"Вздор! - сказал генерал. - Эти дикари могут навести страх на вашу необученную милицию ("Чрезвычайно вам признателен, ваше превосходительство, за столь лестный отзыв", - подумал, вероятно, сидевший за столом мистер Вашингтон), но регулярная армия его величества никогда не дрогнет перед индейцами".

"От всего сердца надеюсь, что вы правы, сэр", - отвечал мистер Франклин со вздохом, чем вызвал, конечно, кривые усмешки на лицах всех приближенных генерала, ибо как мог этот почтмейстер, этот нахальный штатский позволить себе высказать суждение о вещах, в которых он ровным счетом ничего не смыслит.

Мы все презирали примкнувших к нам индейцев, и наш командир невысоко ставил их службу. Своим возмутительным обращением с индианками наши офицеры восстановили против себя дружественных нам вождей, и в конце концов их осталось на нашей стороне не больше семи-восьми человек. Имей мы в тот роковой день, девятого июля, впереди сотни две индейцев, исход боя мог бы быть иным. Они отбили бы атаку индейцев, сражавшихся на стороне французов, и не дали бы возникнуть тому паническому бегству, которое вслед за этим нападением последовало. Теперь уже известно, что французы готовились сдать форт, никак не рассчитывая его удержать, и даже сами индейцы, сражавшиеся на их стороне, возражали против столь отчаянного шага, как нападение на такого превосходящего по своим силам противника, как мы.

Я находился там же, где наш генерал, - с главными силами, - когда впереди началась пальба, и адъютанты один за другим поскакали туда. Первая атака неприятеля была успешно отбита нашими передовыми частями, и наши солдаты ликовали и кричали "ура". Но вскоре наш огонь ослабел, а на нас со всех сторон, из-за каждого дерева, из-за каждого куста стали лететь пули, поражая одного за другим. Мы шли правильным строем - застрельщики впереди, знамена и две небольшие пушки в центре, обоз с крепким охранением замыкал тыл; сначала, две-три мили, нам приходилось продвигаться но открытой местности шириной в полмили, по обе стороны которой тянулись густые заросли.
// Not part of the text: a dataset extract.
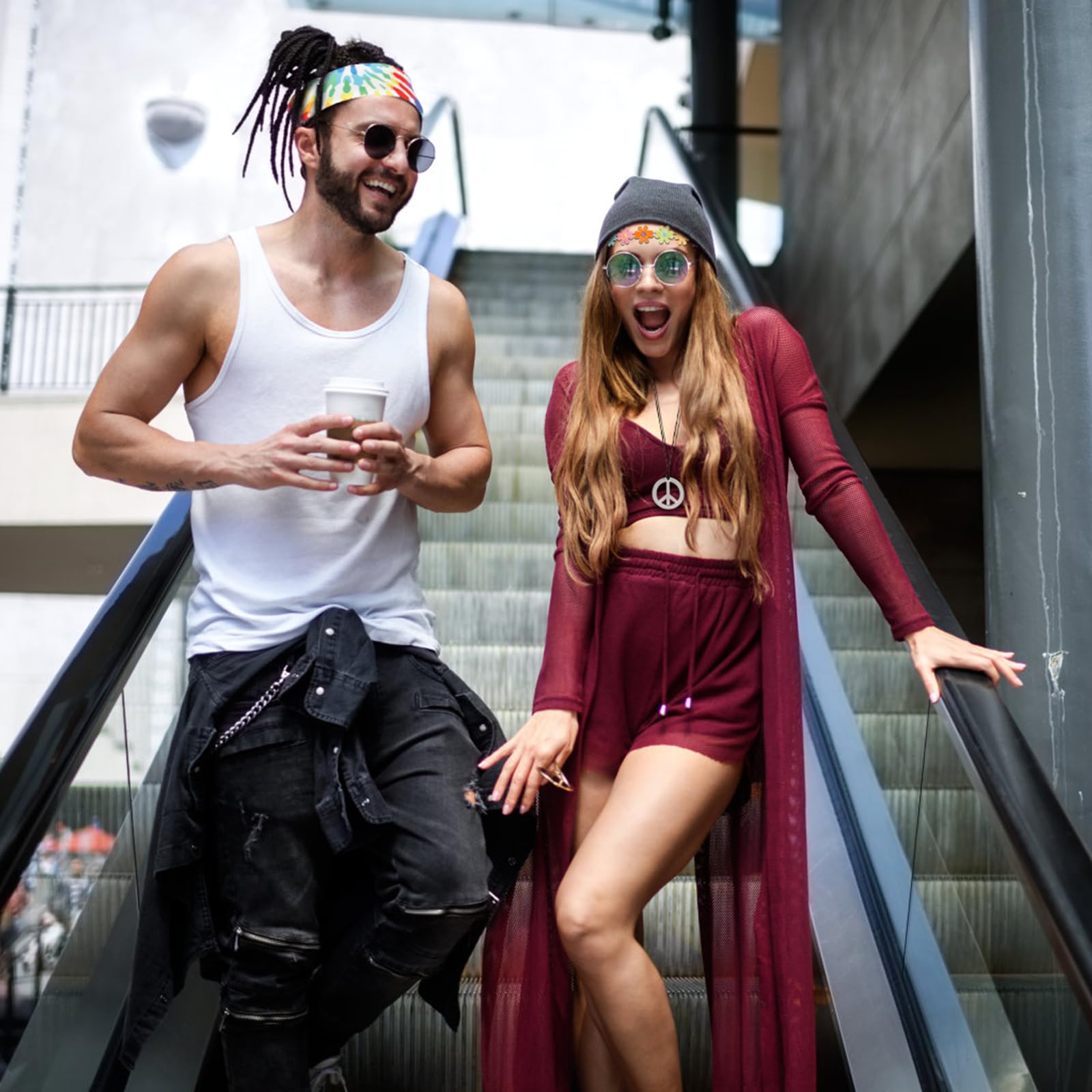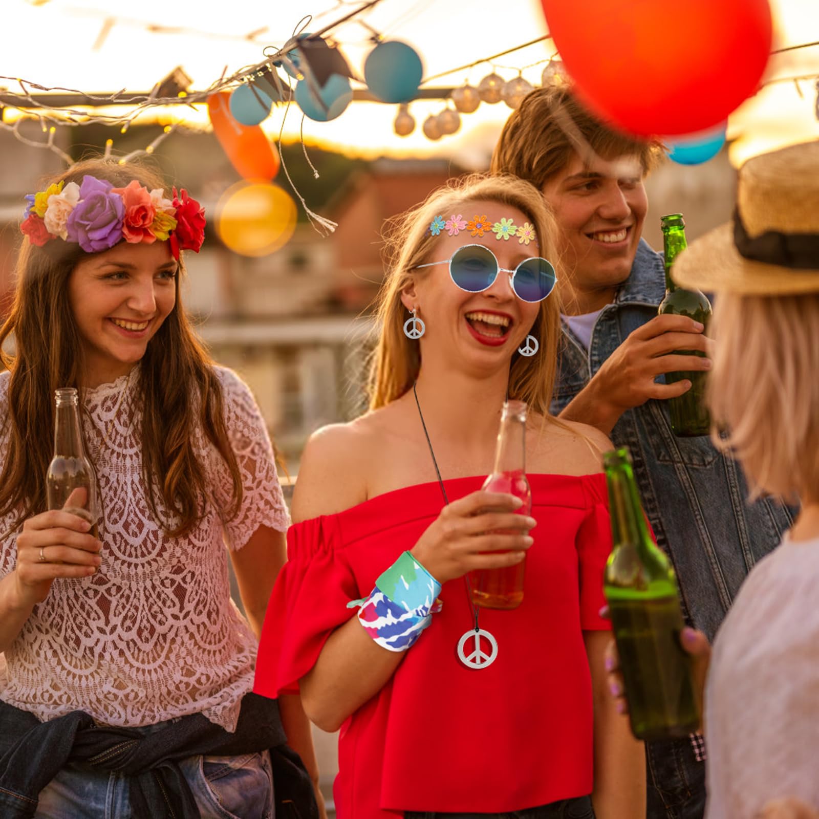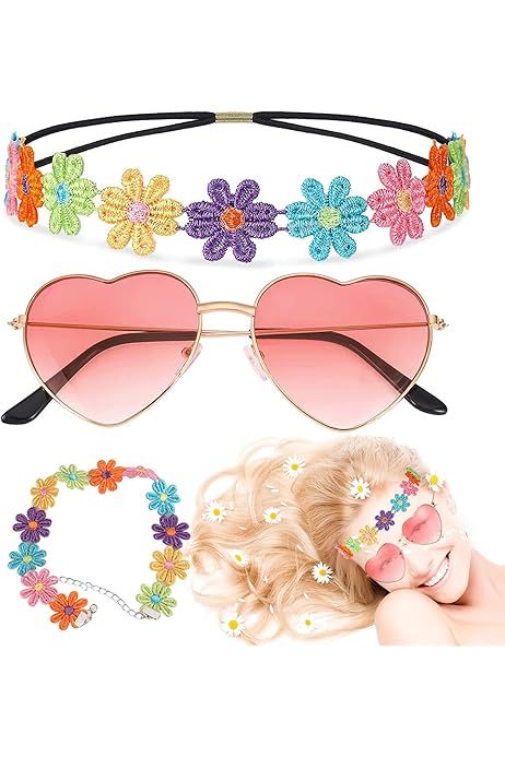 Motif Groovy De Fleurs De Marguerite. Fond Hippie Floral Rétro Avec Des Fleurs Et Des Symboles... Bandeaux marguerite: 58~66cm; Bandeaux marron: 50~65cm. 🌸Parfait pour: Costume vintage 60 70 ans, pour boîte de nuit, mascarade pour carnaval, fête entre amis, soirée dansante et soirée à thème EVJF, carnaval, Halloween, c'est aussi un cadeau pour les adultes qui aiment le cosplay. Bandeaux Fleurs Marguerite LAMEK 6Pcs Accessoires Hippie Deguisement Kit Ensemble Costume Hippie Lunettes Rondes Hippie Collier Paix Bandeaux Marguerite Serre Tête Coloré Rétro Année 80 🌸Les Bandeaux: Ils sont en coton, dans un style vintage et rétro, avec élastique réglable, agréable à porter. Costume Hoppie: 2 Bandeau vintage 2 Colliers de paix 2 Paires de lunettes rétro. 🌸Lunettes rétro: Elles sont en plastique, de forme ronde, avec des verres roses et marron, très belles et modernes 🌸Costume Hoppie: 2 Bandeau vintage + 2 Colliers de paix + 2 Paires de lunettes rétro. CLDURHGE 6 Pièces Enfant Fille Floral Serre-tête, Bandeau Couvert de Fleurs de Marguerite pour

Некоторое время нам палили прямо в лоб, но затем, довольно скоро, противник открыл стрельбу и с флангов - из леса. Наши ряды стали быстро редеть, причем офицеров было уложено больше, чем солдат. На первых порах, как я уже сказал, солдаты кричали "ура" и отстреливались, и наши пушки даже открыли огонь по лесу и, казалось, заставили замолчать засевших в засаде французов. Но потом ружейная стрельба из-за укрытия началась снова. Наши ряды дрогнули, солдаты, невзирая на приказы и крики генерала и офицеров, посылавших их вперед, сбились в кучу и принялись беспорядочно палить в чащу, что, конечно, не достигало цели. Авангард повернул и побежал назад, к главным силам. Многие солдаты были ранены, другие просто испуганы; они кричали, что там, впереди, пять тысяч французов и без числа этих дьяволов-индейцев, которые дико вопят, бросаются на наших поверженных на землю солдат и снимают с них скальпы. Из леса к нам доносились крики индейцев, а наши люди продолжали падать, сраженные летящими оттуда пулями. Теперь уже никакая сила не могла заставить их идти вперед. Из всех адъютантов, посланных командиром, ни один не вернулся обратно. Наконец пришел и мой черед: я был послан к капитану Фрезеру, находившемуся в авангарде, с депешей, которую ему не суждено было получить, а мне - доставить.

Я не прошел и тридцати ярдов, как был ранен пулей в ногу и упал на землю. Помню, как навстречу нам хлынула лавина индейцев, а за ними французы; индейцы издавали свой дьявольский военный клич, а французы казались не менее разъяренными, чем их союзники-дикари. С изумлением и горечью отметил я, как мало белых мундиров было на поле битвы. От силы десятка два французов пробежало мимо меня, да и всего в этом проклятом сражении, где два храбрейших полка англичан были разбиты наголову, французов участвовало не больше пятидесяти человек.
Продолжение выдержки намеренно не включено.